[TASK DIRECTIONS] Output the first line below and each one after it, exactly, up to and including the line holding "Tancredi Parmeggiani 1927-1964". Pictures should not be copied.

[Recorded data]
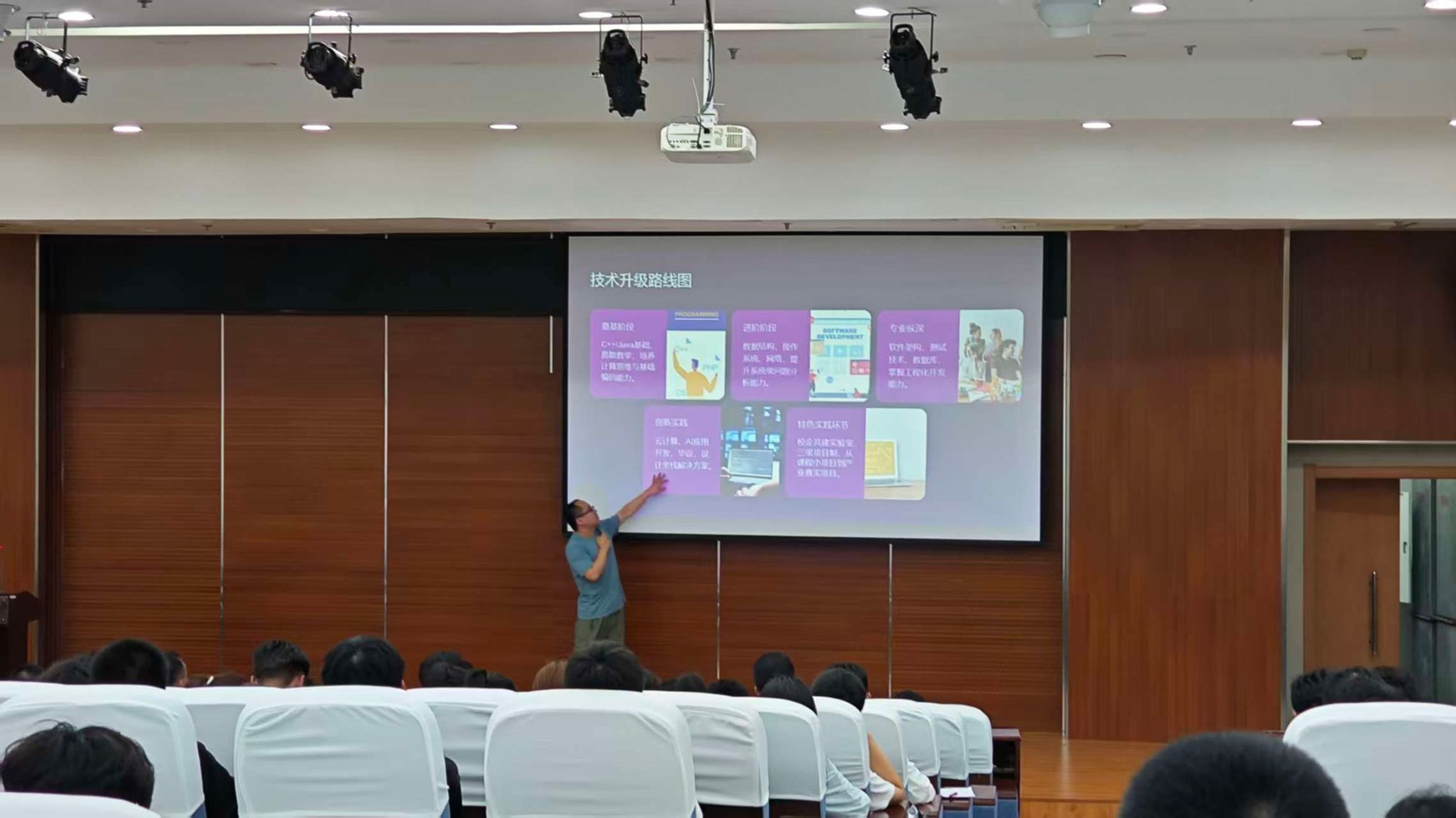 典礼结束后,大会进入专题宣讲环节。副院长王蒙为新生详细解读了学籍管理规定,帮助同学们明晰大学期间的学习要求与规章制度,为新生的大学生活规划提供了清晰的指引。各系主任介绍专业特色、发展前景及学习重点,着重强调了基础理论学习和创新能力培养的重要性,激发了同学们的浓厚兴趣,让同学们对该专业的广阔发展前景充满信心。整场大会内容充实、秩序井然,既增强了新生的归属感和认同感,也为他们顺利融入大学学习生活奠定了坚实基础。新生们纷纷表示,将不负师长期望,脚踏实地、锐意进取,在数字时代的广阔舞台上书写无愧于时代的青春篇章。(撰稿:张苹 审稿:赵勇进、闫小兵)
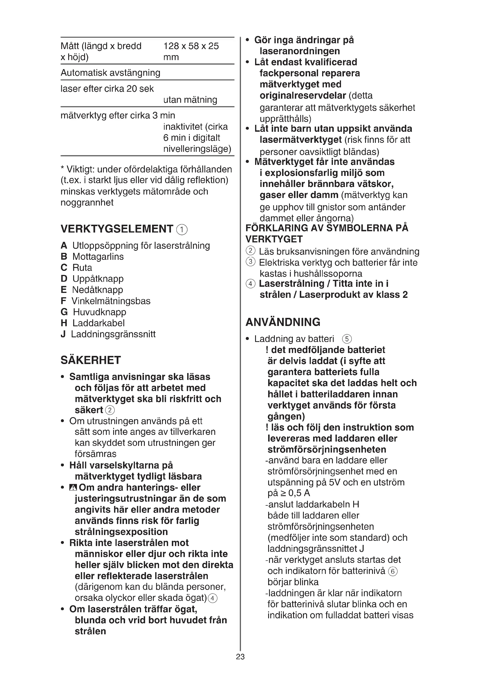 | Funktioner | Avst e5ndsm e4tning, ber e4kning av yta och volym |
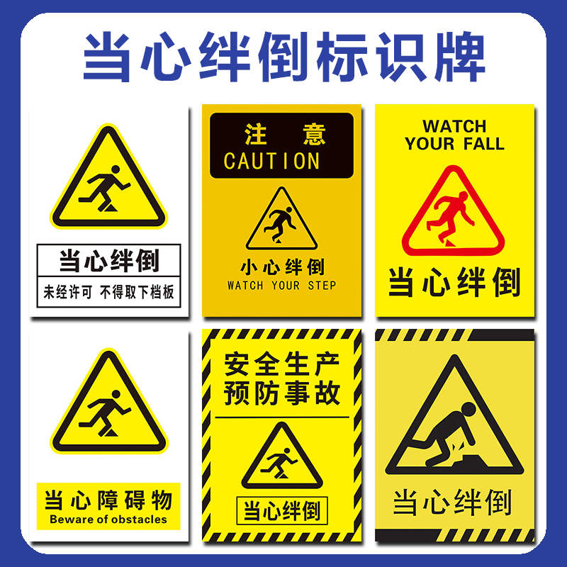 当心绊倒标识牌小心障碍物当心脚下挡板未经许可不得取下挡板行走时请注意安全下方危险温馨提示标示警示标志
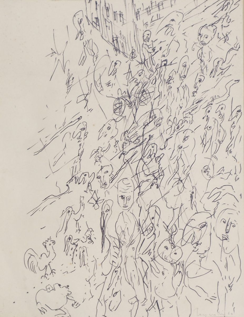 Tancredi Parmeggiani 1927-1964 "Personaggi e animali" cm. 27x21 - penna su carta Firmato b. a d. e datato '60 Al retro timbro etichetta Galleria d'arte Il Canale. Al retro sul cartone protettivo timbro Studio d'arte G.R. Sacile.
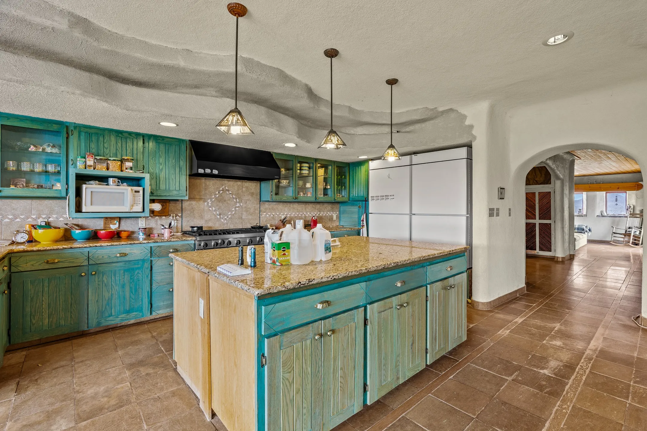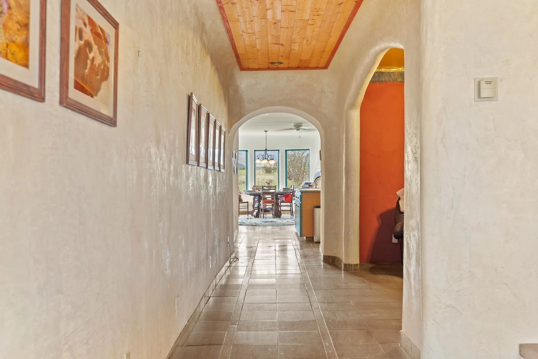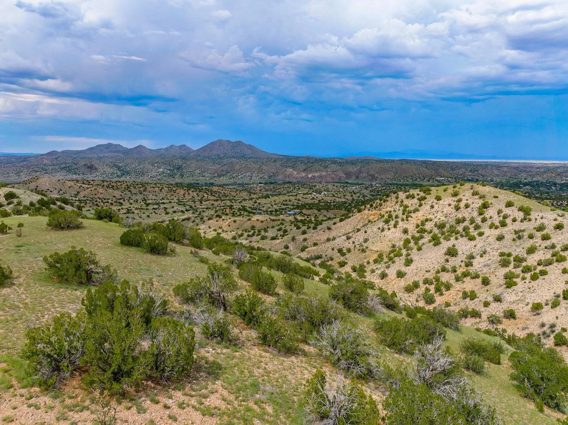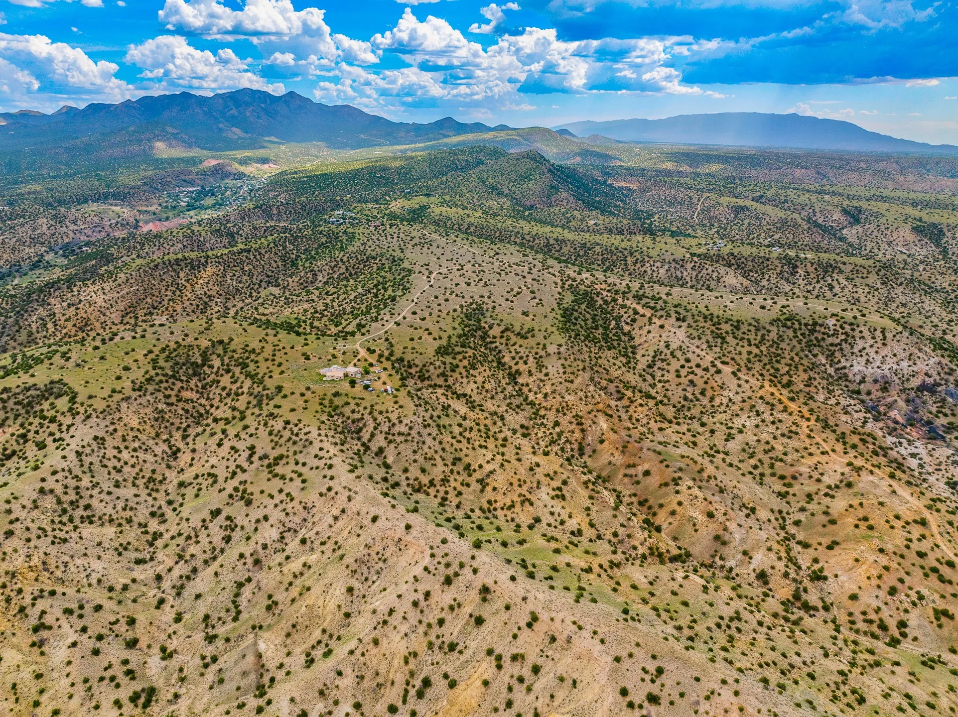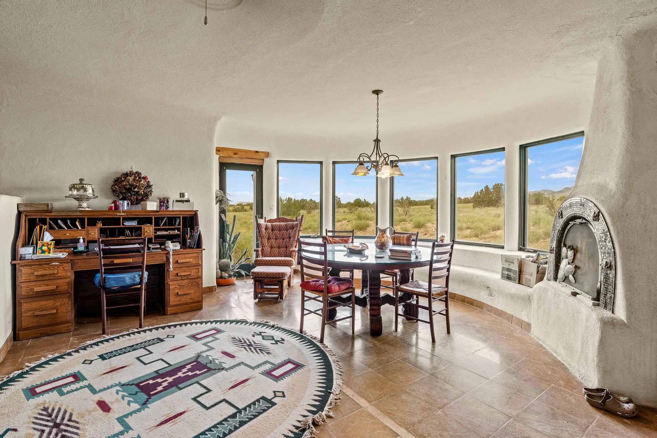 Mesa-top views, space and privacy from this substantial off-grid home on 53 acres, two miles from Madrid and Highway 14. Primary residence is 4474 square feet all on one level, with generous, ample rooms, an open concept kitchen, a separate media nook, home office, and a light-filled living room. A kiva fireplace warms the dining area. Two large bedrooms and two bathrooms are in the main home. A separate upstairs apartment has its own kitchen and bath. The home features rammed earth construction with exterior walls two feet thick, and plaster interiors, radiant flooring, and solar power. The upstairs apartment, with its own entrance, is 1008 sq. ft. and offers guest, caretaker, or rental opportunities. 1132 sq. ft. of shop and garage space provides room for parking up to 5 cars. Acreage would be ideal has for gardening, horses, etc. Home has some deferred maintenance and needs finishing in places, and is priced accordingly, bring your vision and energy for an opportunity for considerable sweat equity.
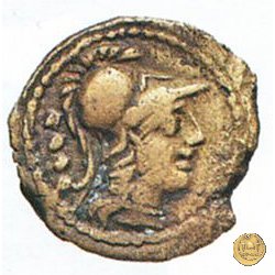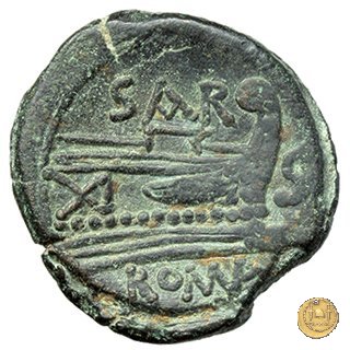 199/4 - triente Atilius Saranus Dritto: Testa elmata di Minerva a destra. In alto quattro globetti. Verso: SAR Prora di nave a destra. In alto: SAR ; davanti quattro globetti; in basso: ROMA | |
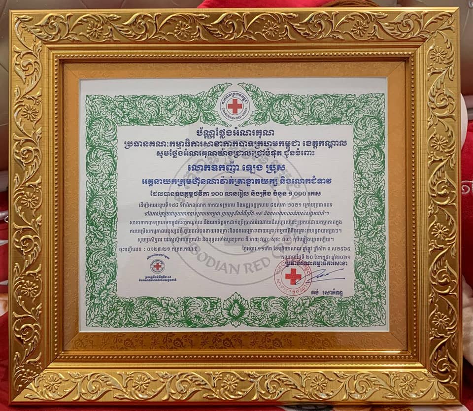 លោកឧកញ៉ា ឡេង ប្រុស និងលោកជំទាវ អគ្គនាយកក្រុមហ៊ុន ណាវ៉ាត្រា ខ្នាតយក្ស និងក្រុមគ្រួសារត្រកូល “ឡេង” ដែលបានចូលរួមឧបត្ថម្ភថវិកាចំនួន ១០០,០០០,០០០រៀល (២៥,០០០ដុល្លារ) និងត្រីខកំប៉ុងចំនួន១,០០០កេស ប្រគល់ជូនសាខាកាកបាទក្រហមកម្ពុជាខេត្តកណ្ដាល ដើម្បីចូលរួមចំណែកទ្រទ្រង់ដល់សកម្មភាពមនុស្សធម៌របស់កាកបាទក្រហមកម្ពុជា នៅថ្ងៃទី២១ ខែកក្កដា ឆ្នាំ២០២១នេះ។
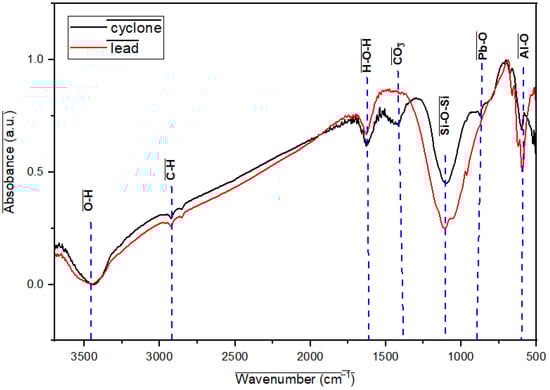 The strong absorption at 1080–1090 cm−1 is associated with Si–O–Si stretching, suggesting the presence of siliceous particles or secondary silicate phases formed during volatilization of the charge. The absorption band in the 600–900 cm−1 region is a superposition of several vibrational modes, including contributions from Pb–O and Zn–O bonds, as well as Fe–O and Si–O–(Al) bending vibrations typical of complex oxide and aluminosilicate systems present in metallurgical dusts. Of particular relevance are the deformation vibrations in the 600–900 cm−1 region, which are characteristic of Pb–O and Zn–O bonding and reflect the presence of PbO, Pb3O4, ZnO, and mixed oxide species typical of Pb–Zn smelting residues [33,35]. A signal near 520 cm−1 is attributed to aluminosilicate fragments entrained during dust formation.
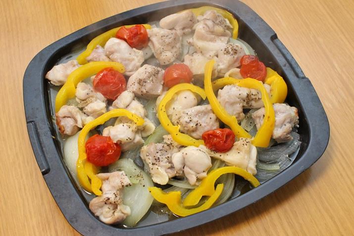 以下の写真は鶏もも肉と野菜のグリルですが、これをアラジントースターで最初に作ってみたとき、「オーブントースターでこんな簡単においしい肉料理が作れるとは!」と驚きました。こちらも材料をグリルパンに入れて加熱するだけのほったらかし料理なので、テレワーク中のお昼ごはんにぴったり。
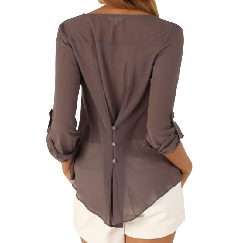 Look the part with this chic chiffon shirt. Can be worn with an appropriate bottom. Feel confident and comfortable in these beautifully designed pieces. Available in full sizes for women.
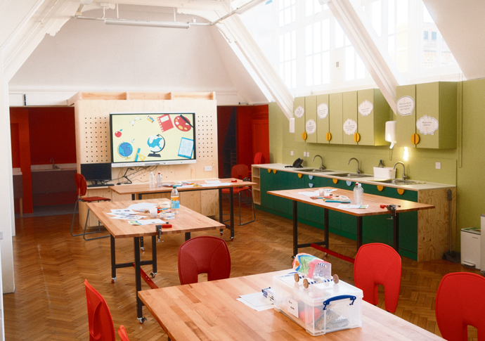 Children will learn science, design and technology, and art in the colourful new classroom designed by school parent Sorrel Challands, and funded by Friends of Ambler, the parents’ association.
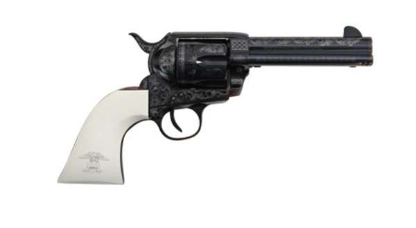 The Frontier series showcases all of Traditions top quality features and finishes. These 1873 revolvers are truly shooting works of art. The transfer bar safety system provides the highest level of safety offered in an 1873 single action firearm. All models have steel frames and are authentic reproductions. This model is chambered in 45 LC, has a white PVC grip, and has a 4.75" barrel. It has a color-case hardened finish on the frame. This is a 6-shot revolver.
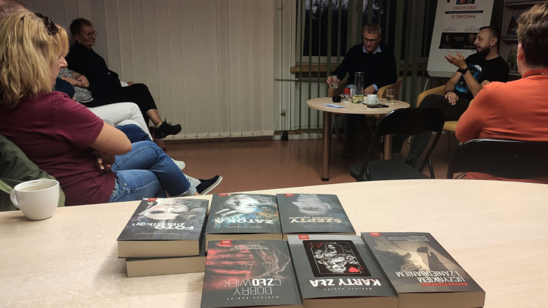 Spotkanie autorskie zatytułowane „Oko w oko ze zbrodnią” zorganizowano w ramach zadania „Strasznie dobre książki!”.

[OUTPUT]
 典礼结束后,大会进入专题宣讲环节。副院长王蒙为新生详细解读了学籍管理规定,帮助同学们明晰大学期间的学习要求与规章制度,为新生的大学生活规划提供了清晰的指引。各系主任介绍专业特色、发展前景及学习重点,着重强调了基础理论学习和创新能力培养的重要性,激发了同学们的浓厚兴趣,让同学们对该专业的广阔发展前景充满信心。整场大会内容充实、秩序井然,既增强了新生的归属感和认同感,也为他们顺利融入大学学习生活奠定了坚实基础。新生们纷纷表示,将不负师长期望,脚踏实地、锐意进取,在数字时代的广阔舞台上书写无愧于时代的青春篇章。(撰稿:张苹 审稿:赵勇进、闫小兵)
 | Funktioner | Avst e5ndsm e4tning, ber e4kning av yta och volym |
 当心绊倒标识牌小心障碍物当心脚下挡板未经许可不得取下挡板行走时请注意安全下方危险温馨提示标示警示标志
 Tancredi Parmeggiani 1927-1964 "Personaggi e animali" cm. 27x21 - penna su carta Firmato b. a d. e datato '60 Al retro timbro etichetta Galleria d'arte Il Canale. Al retro sul cartone protettivo timbro Studio d'arte G.R. Sacile.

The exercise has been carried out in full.